Cotidiano

Cecília Palmeiro, ativista: 'Não queremos flores, queremos reflexão'

“Tenho 41 anos e moro em Buenos Aires. Sou fã de literatura, amo a fantasia e acho que o futuro do mundo está na aplicação da criatividade em prol da sociedade. Também sou escritora e instrutora de ioga, estudei na Índia. Adoro me divertir, rir e amo o Brasil. Me considero brasileira.”

Conte algo que não sei.

Faço parte de um grupo contra a violência machista, o Ni una menos (Nem uma a menos). E estamos ajudando a organizar uma greve internacional de mulheres. Nos juntamos a polonesas, que fizeram no ano passado uma greve contra a suspensão da legalidade do aborto, e já temos a adesão de 30 países, como Coreia do Sul e Israel. Será em 8 de março, Dia Internacional da Mulher, que acabou virando uma data comercial. Não queremos flores, queremos reflexão.

Esta não é a primeira greve que vocês organizam…

Pois é. Em 19 de outubro do ano passado, fizemos a primeira greve de mulheres da América Latina. Foi logo após o assassinato brutal de Lucía (Pérez, de 16 anos, violentada e morta no balneário argentino de Mar del Plata, em 15 de outubro). No mesmo dia, houve uma repressão policial muito forte durante o Encontro Nacional de Mulheres, em Rosário. As manifestantes foram atingidas com tiros de borracha no rosto. Decidimos dar um basta na violência contra a mulher. Sem mulheres não há democracia.

Quantas pessoas participaram do protesto?

Fizemos a convocação via Facebook e conseguimos reunir 250 mil manifestantes vestidas de preto, fazendo apitaço diante do Congresso, em Buenos Aires. Em todo o país, foram 1 milhão mobilizadas. As mulheres interromperam a jornada de trabalho por uma hora para protestar.

O Ni una menos surgiu em 2015. Quais as principais conquistas de vocês até hoje?

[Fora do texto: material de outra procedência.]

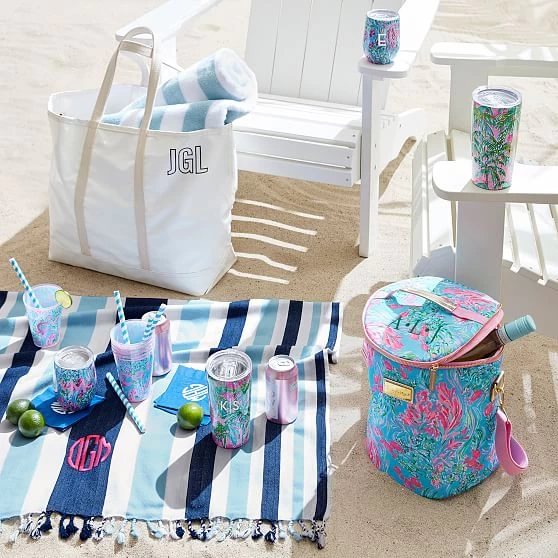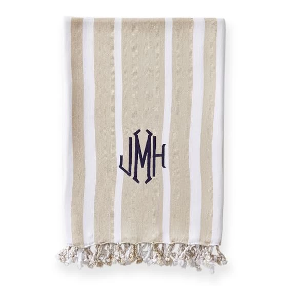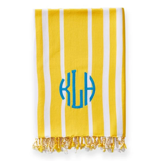 Our Striped Turkish Lightweight Towel is our favorite new accessory for beach days, poolside lounging or as an extra layer at home or the office. Woven from 100% pure Turkish cotton, this oversized towel can be used as a beach blanket, a wrap or as a light throw, and features a reversible, striped design with a knotted fringe border and an embroidered monogram for a personal touch.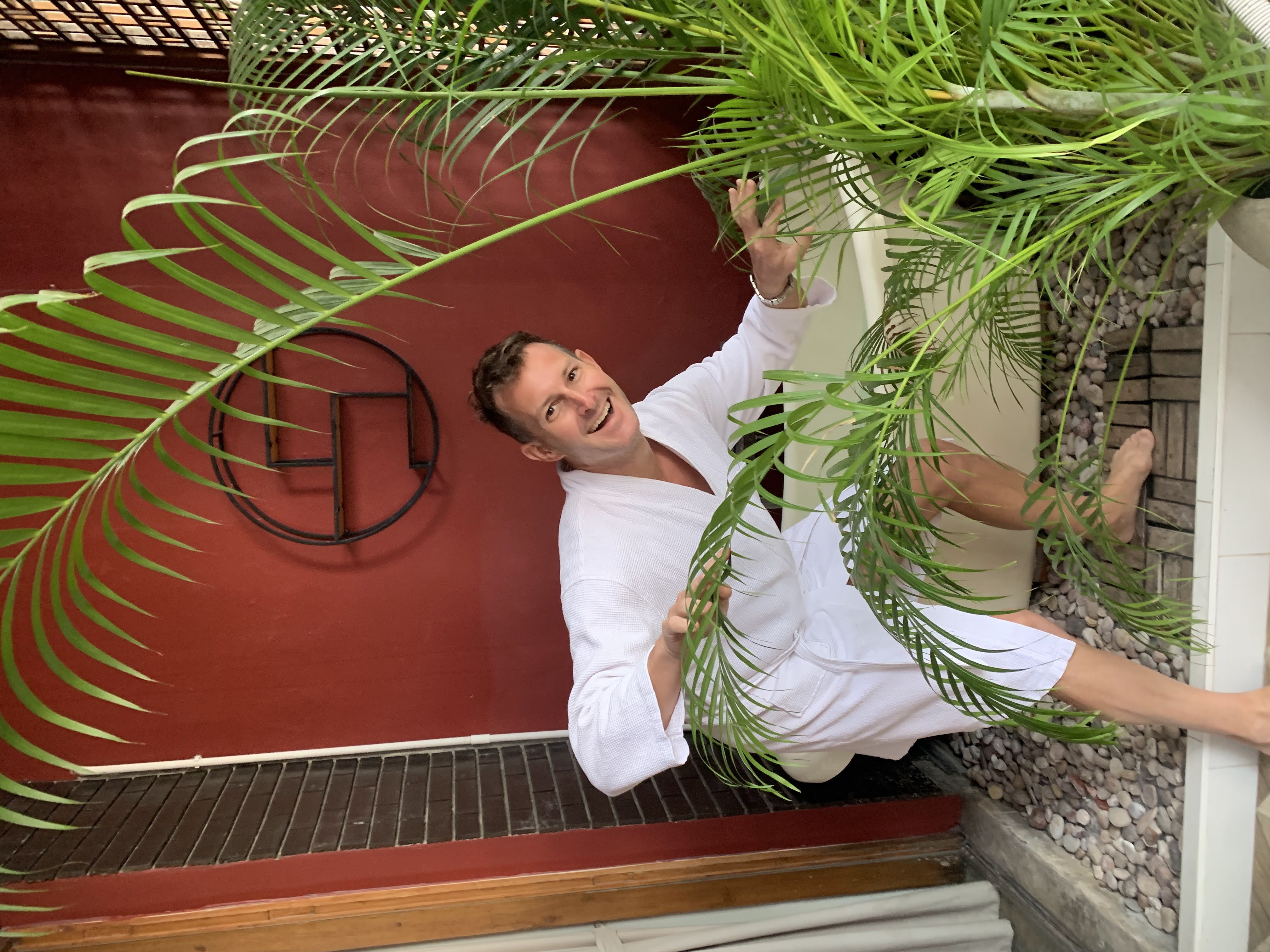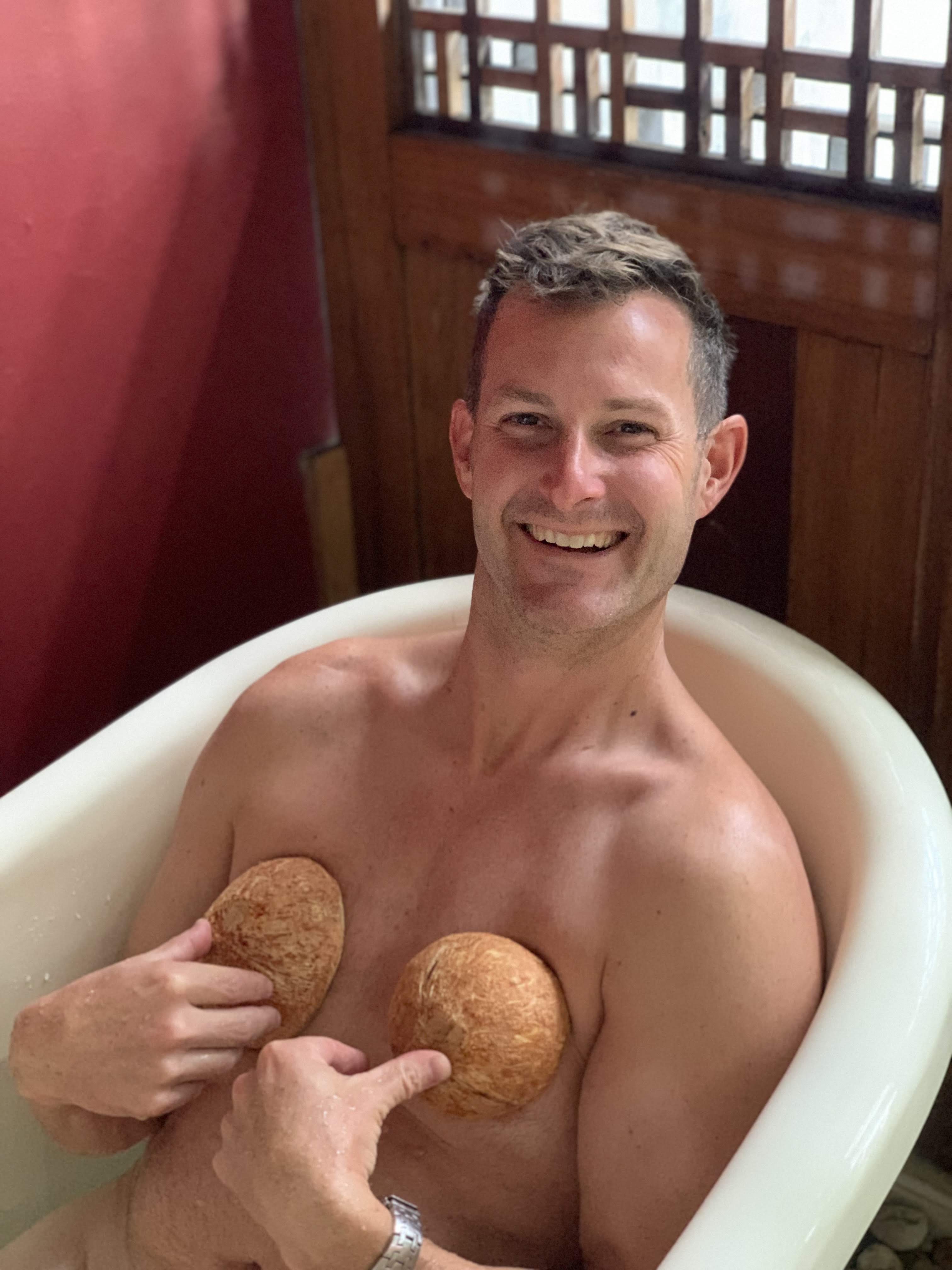 We started off the day by sleeping in so that we would be rested heading into the festivities and the long haul flight home early the next morning, as well as to let Scott get as much rest as possible since he wasn’t feeling 100%. It was now his turn to take a soak in the balcony tub and for a guy that isn’t into baths, he sure did seem to enjoy it and was more than happy to pose with all sorts of props I threw his way.

Somos um grupo de jornalistas, escritoras, poetas, editoras, enfim, profissionais da comunicação, e conseguimos instalar na opinião publica e na mídia o conceito de feminicídio. Não são crimes passionais ou individuais, são crimes sociais, coletivos. O assassinato de mulheres é uma coisa sistemática, em redes, não é isolado.

Segundo a Corte Suprema de Justiça da Argentina, 235 mulheres foram vítimas de feminicídios no país. O que leva alguém a cometer esse crime?

Os feminicidas não são loucos ou doentes, como muitos argumentam. Eles são filhos do patriarcado e acham que têm direito sobre nossas vidas. A violência física contra a mulher assegura o estado da economia.

Como assim?

A ideia de que as mulheres são menos humanas, que não merecem os privilégios que os homens têm, assegura uma divisão equivocada do trabalho e da renda. Diariamente, trabalhamos três horas a mais e ganhamos 30% menos. Nosso serviço doméstico é invisível e desvalorizado. Bancamos com nossos corpos o mundo machista.

É possível reverter isso?

A marcha internacional das mulheres contra o presidente americano Donald Trump, em 21 de janeiro, foi um acontecimento histórico e incrível. Acho que há um antes e depois. Os micromachismos ficaram evidentes e houve uma mudança total na nossa autopercepção. Os homens também passaram a perceber o que eles, mesmo sem querer, fizeram e ainda fazem.

O que acha do trabalho da cartunista Maitena, autora da tirinha “Mulheres alteradas”?

Ela é importantíssima porque consegue, de um jeito divertido e não agressivo, passar uma mensagem feminista para as mulheres do mundo. E para os homens também.